Después de los sellos están las trompetas, las tres últimas de las cuales son desgracias especiales para los hombres, la última de los cuales nos lleva al momento en que los reinos del mundo se convierten en el reino del Señor (Dios) y de su Cristo. El derramamiento de las copas de la ira de Dios también nos lleva al final, porque es después de que el séptimo ángel haya derramado su copa en el aire cuando se oye una «gran voz del trono» diciendo: «¡Hecho está!».

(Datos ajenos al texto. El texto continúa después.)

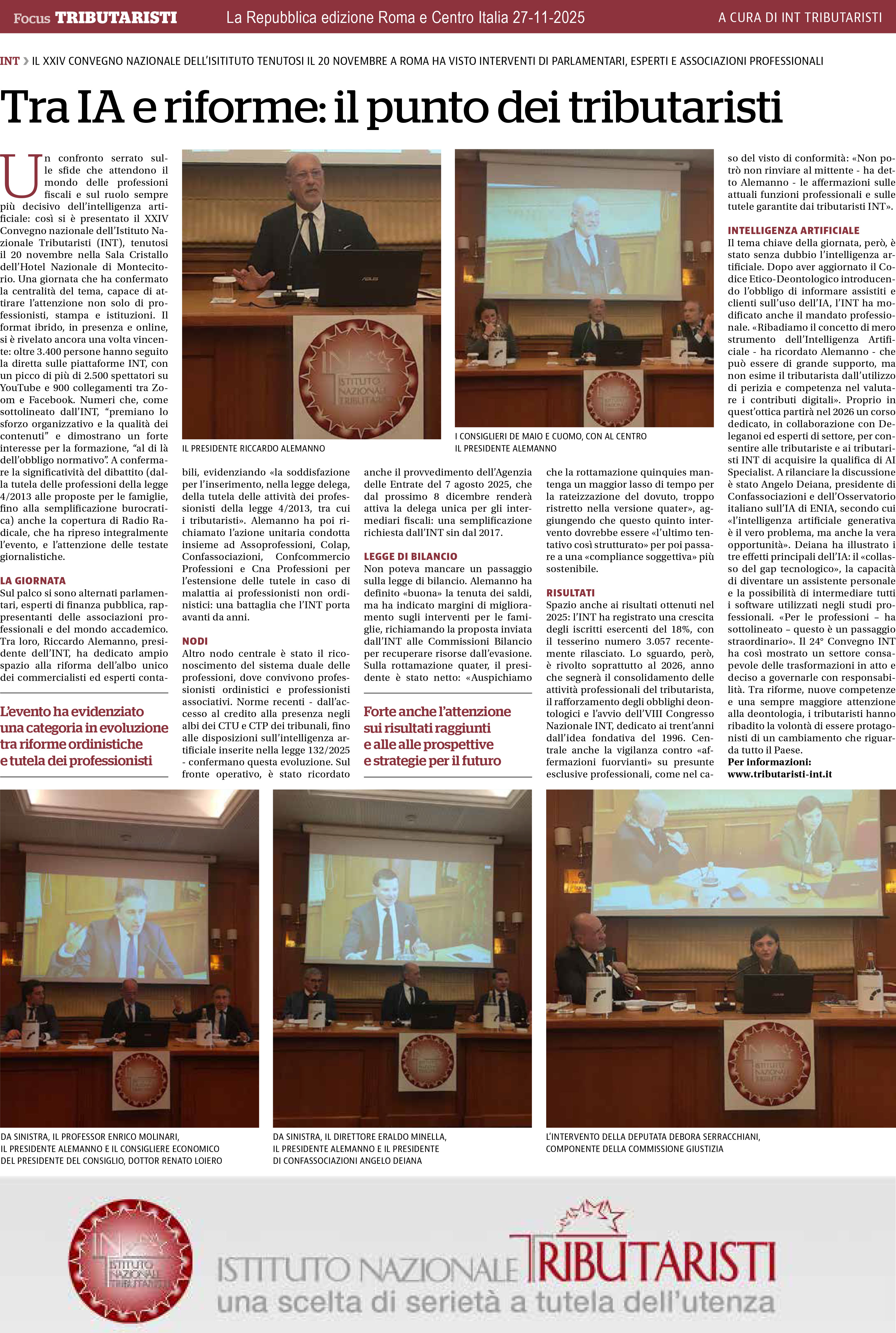 Il XXIV Convegno Nazionale è stato qualcosa di veramente speciale, il format in presenza, presso la Sala Cristallo dell'Hotel Nazionale di Montecitorio, e in streaming tramite il canale YouTube INT, la piattaforma zoom e la pagina facebook INT, è risultato vincente, con oltre 3.400 persone che hanno seguito on line l’evento. Molto apprezzati gli interventi dei vari relatori e ospiti che ringraziamo, così come ringraziamo i tributaristi e le tributariste, le testate giornalistiche in presenza e tutti coloro collegati alla diretta streaming. Proprio in quest'ultima modalità di partecipazione si è verificato qualcosa di inaspettato e di grandioso: oltre 3.400 presenze, con il canale Youtube che ha raggiunto più di 2.500 spettatori e 900 sono stati i collegamenti sulle altre piattaforme. Un grande grazie, pertanto, a chi ha seguito il Convegno tramite la diretta streaming. Numeri che premiano lo sforzo organizzativo e la qualità dei contenuti e che certificano l'attenzione dei tributaristi e delle tributariste dell'INT alla formazione e all' aggiornamento, al di là dell'obbligo normativo, ma anche un'attenzione della stampa alle nostre proposte e alla tutela della figura professionale del tributarista. Numeri che devono rendere orgogliosi i tributaristi dell’Istituto nazionale Tributaristi.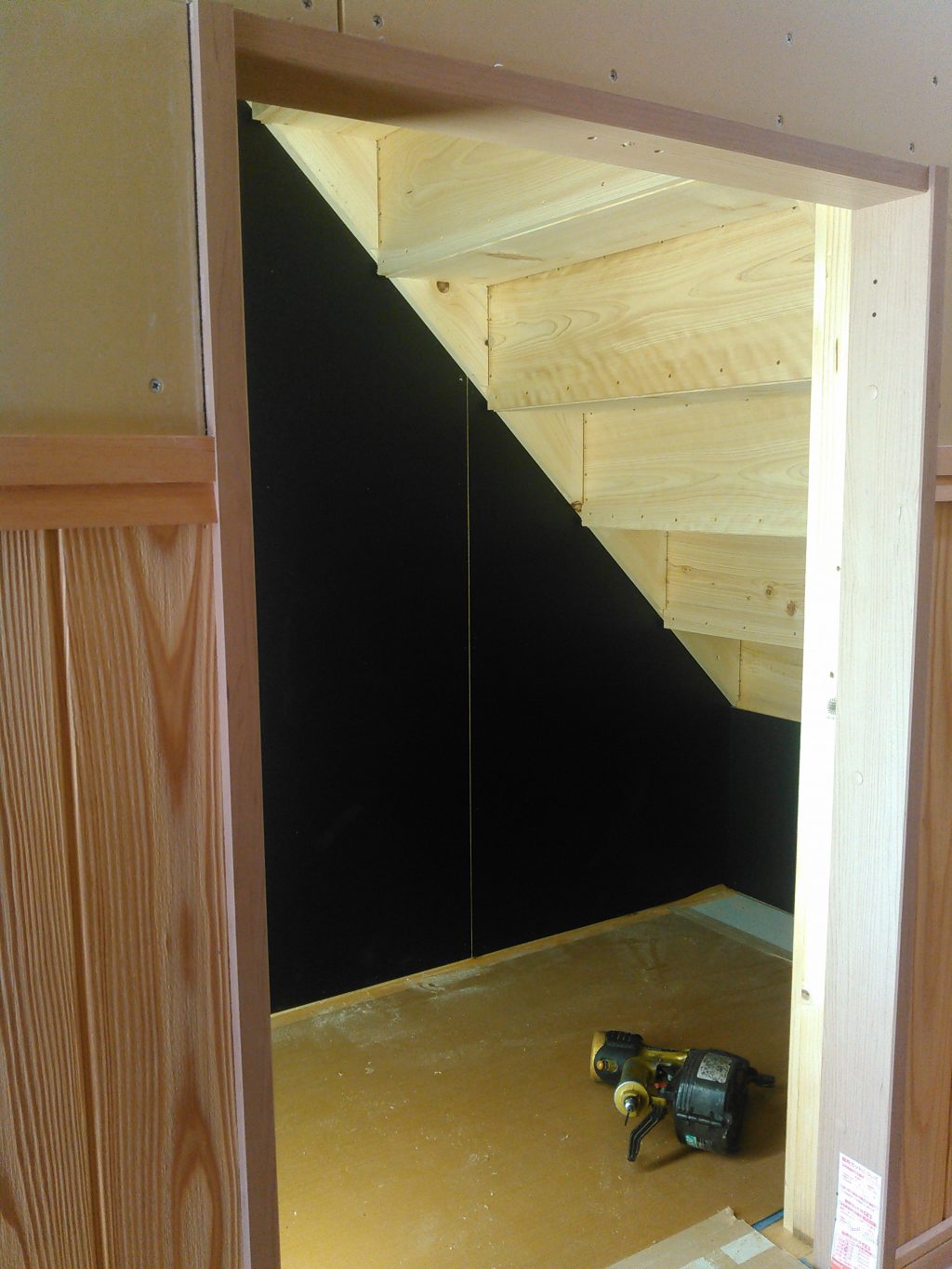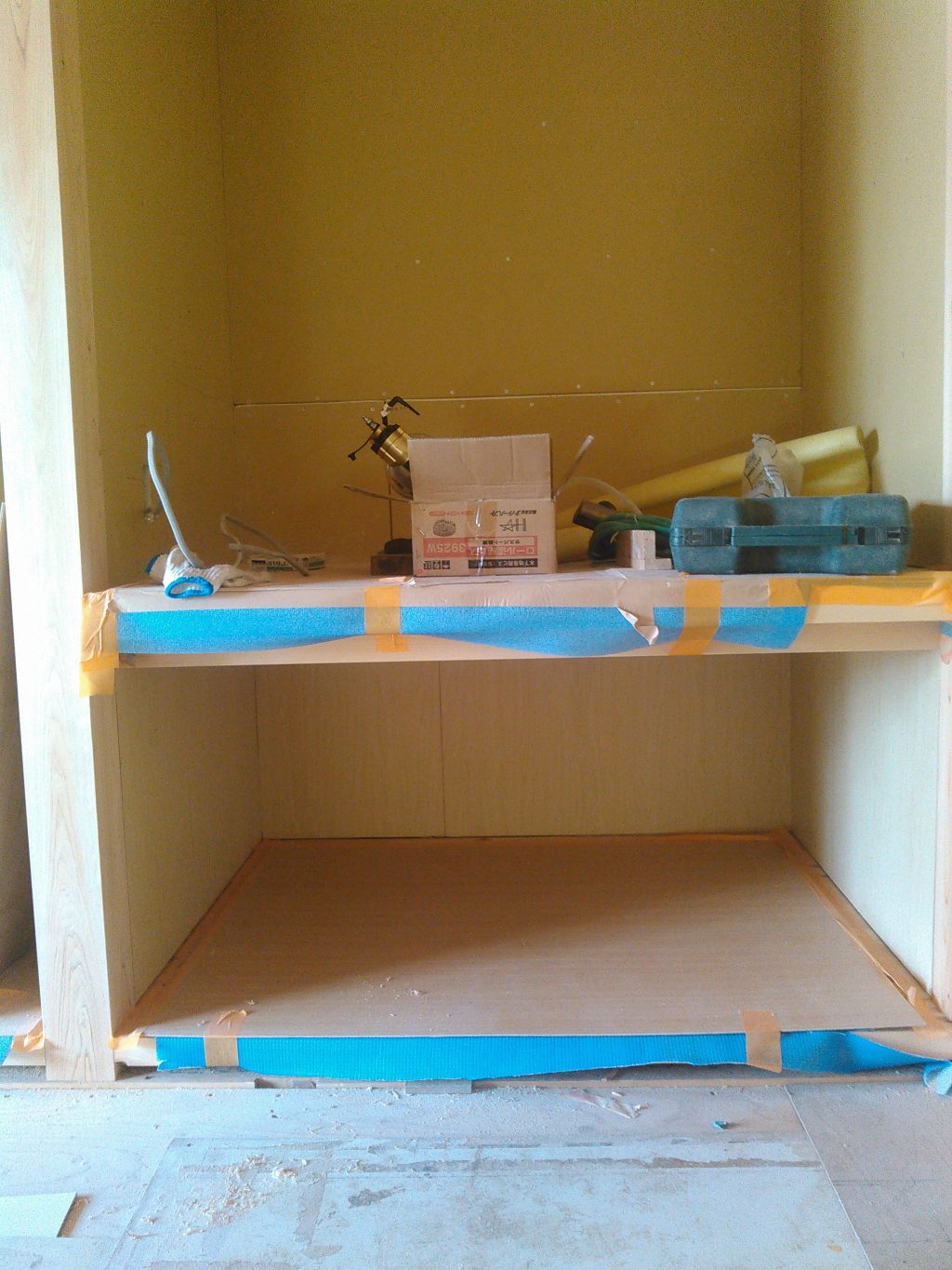 そんで、余った時間で、やはり近所のO様邸新築工事で、押入れのベニヤ板張りを、チョロチョロット行い今日の作業は終了でした、

Los versículos siguientes, destacan los juicios que acompañan al derramamiento de la última copa de la ira divina: «Y hubo relámpagos, voces, truenos y un gran terremoto; terremoto fuerte y violento, como jamás lo hubo desde que el hombre está sobre la tierra» (v. 18), y nos muestran, en lenguaje simbólico, los terribles trastornos que pondrán fin a todo lo que los hombres se han enorgullecido en este mundo.

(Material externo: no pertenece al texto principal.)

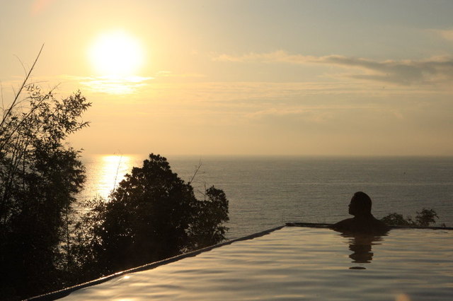 朝陽を眺めながらの朝プールで一泳ぎ。プライベートプールなだけに、時間を気にせず泳げるのは最高です♪
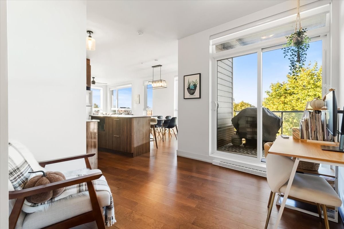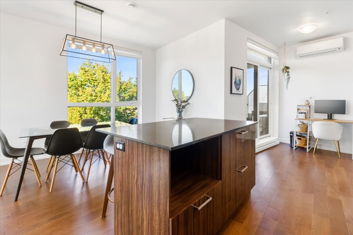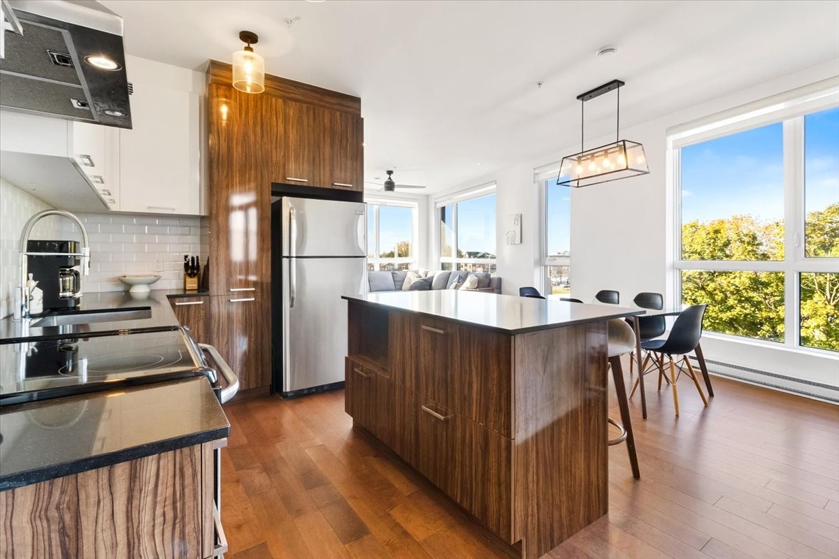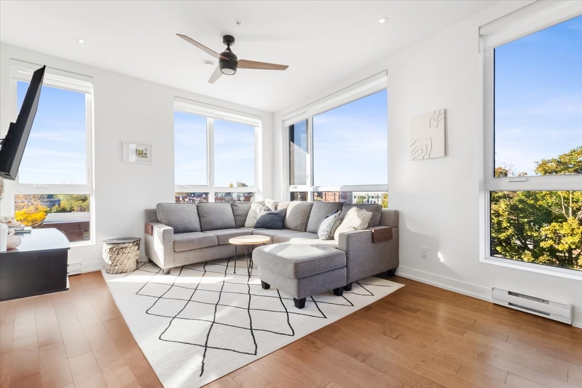 Ce lumineux condo de coin au rez-de-chaussée offre des plafonds de 9 pieds, un espace à aire ouverte et de grandes fenêtres qui inondent cha...

En primer lugar, «la gran ciudad se dividió en tres partes». Esto indica probablemente a la desintegración del sistema político de Europa Occidental y a la destrucción de su ciudad central, Roma. Pero Roma no está sola en este juicio, pues «cayeron las ciudades de las naciones» (v. 19). Las ciudades donde los hombres han acumulado sus tesoros, y en las que encontraron sus placeres lejos de Dios, son reducidas a ruinas en los juicios de este día. Todas las realizaciones de las que se han jactado los hombres, sus grandes obras de arte, sus obras maestras de construcción, sus pruebas de progreso científico, sus organizaciones e instituciones, se encontrarán entre las cenizas de sus ciudades cuando Dios los juzgue.

Babilonia, el gran sistema religioso, referido en el próximo capítulo como: «La gran Babilonia, madre de las rameras» (17:5), tendrá su juicio especial, «la copa del vino del ardor de su ira» (16:19). Juan la ve «ebria de la sangre de los santos, y de la sangre de los testigos de Jesús» (16:6), pero ahora recibe su justo castigo. Profesando ser la esposa de Cristo, Babilonia está presentada como un sistema terriblemente perverso, no solo falso, sino persiguiendo a los que verdaderamente pertenecen a Cristo.

Hay el derrocamiento completo y el desmantelamiento de todo el sistema mundial, los aislados y los grandes siendo removidos de sus lugares, el juicio de Dios cayendo del cielo sobre los hombres; y a pesar de todo esto, los hombres blasfeman «contra Dios a causa del granizo» que cae sobre ellos. Con estos diferentes sistemas llevados a juicio, podemos entender el significado de la gran voz que dice: «¡Hecho está!».

Qué gran contraste con todo esto es la exclamación «¡Hecho está!» en Apocalipsis 21, donde Juan ve «un cielo nuevo y una tierra nueva», donde ya no hay mar. Los juicios de Apocalipsis 16 prepararon el camino para el reinado milenario de Cristo, pero los juicios finales de Apocalipsis 20, donde Gog y Magog y sus seguidores son consumidos, donde Satanás está arrojado al lago de fuego, y donde todos los muertos son juzgados en el gran trono blanco, preparan el camino para la introducción de una escena eterna donde Dios «enjugará toda lágrima de sus ojos» y «ya no existirá la muerte, ni duelo, ni clamor, ni dolor; porque las primeras cosas pasaron» (21:4).

El verdadero creyente pertenece ya a la nueva creación, pues «si alguno está en Cristo, nueva creación es». Desde ahora, por la fe, tenemos parte en un nuevo orden de cosas en el que «las cosas viejas pasaron, he aquí que todas las cosas han sido hechas nuevas» (2 Cor. 5:17). Se trata de un nuevo orden espiritual del que el hombre de este mundo no sabe nada. Muy pronto, cuando termine el día del hombre, y cuando termine el período milenario, llegaremos al día de Dios, al día de la eternidad, cuando el primer cielo y la primera tierra hayan desaparecido para siempre, y cuando Dios hará «nuevas todas las cosas» (21:5).

Esta escena eterna de la nueva creación descansará en la obra de redención realizada por el Hijo de Dios en la cruz. Los pecadores alejados de Dios por sus pecados nunca habrían podido participar en esta escena de nueva creación y de felicidad eterna si Jesús no hubiera muerto por ellos y no hubiera gritado en la cruz: «¡Cumplido está!».